The big question is how does this affect those around me every minute of every day? And perhaps as pertinently if not more so how does it affect us and our churches?
We assume that we are free. Ask someone if they are free and they are most likely to say that they are, after all we live in a democracy, we can choose who to vote for, what to believe, whether to go to a religious service or not, how to bring up our children, what to watch on TV, what job to have, what hobbies to have, even what socks to wear! But actually are we really free or are those choices an illusion of freedom?
What is it that actually motivates me to do all those things? What motivates so much of it is the tyranny of approval. And that is not freedom I am enslaved to others. I wear what I wear because it is fashionable and fashion says... Or I do this because thereby I gain the approval of my peers or colleagues or family or whoever. When you actually examine our choices they are not choices made by free people. And the root of all of our choices is self, my need of approval, my need of acceptance, my need of popularity, my need to feel good about myself, my need to feel loved, valued, to feel worth it.
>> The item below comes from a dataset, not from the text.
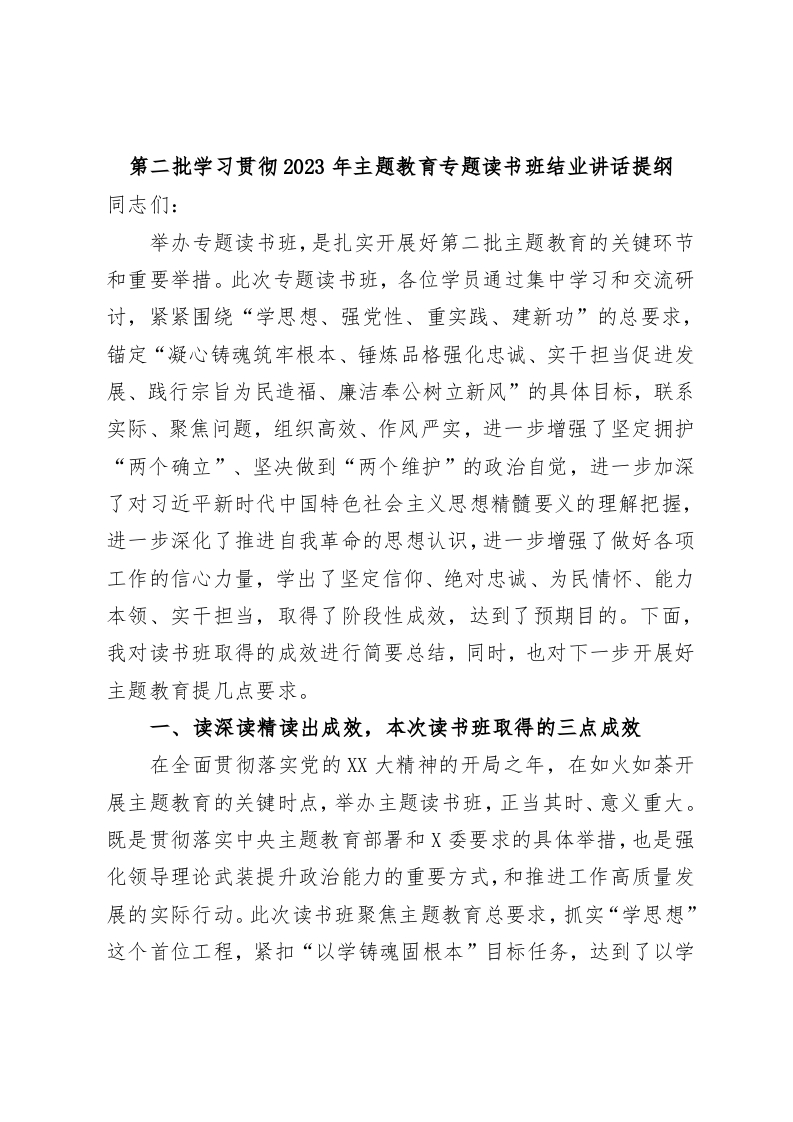 / 第二批学习贯彻2023年主题教育专题读书班结业讲话提纲

Now the follower of Jesus has been set free from this, but sometimes we find ourselves attracted back into living that way again however subtly. We struggle to live set free from self. But the Christian is not freed to live in a vacuum. Romans 6:18 says "You have been set free from sin and have become slaves to righteousness." We are freed from sin to live under God's rule, a rule of righteousness, of right relationship with God.
In our churches we need to reassert the authority of the word of God and teach that we are not free to live for self but to live as slaves of righteousness because only as such do we experience true freedom and life! Churches and Christians must live by revelation not experience. As David Wells says in Above all earthly powers people today are on a spiritual quest, it is personalised, individualised and eclectic. It is focused on making life happy, satisfying, fulfilled and meaningful.
The danger in the church is that we take the very real opportunity that brings and mishandle it. There is a tremendous opportunity there to explain the gospel but we must state that this is the Truth as God revealed, not a truth the we have worked out, or formulated, or have amended to feel comfortable with. We have experienced God but our experience of God is not something we determine but that is revealed in the Bible.
Postmodern society and people have been described as being 'allergic to truth claims' and we cannot surrender this idea of truth without losing the power of the gospel.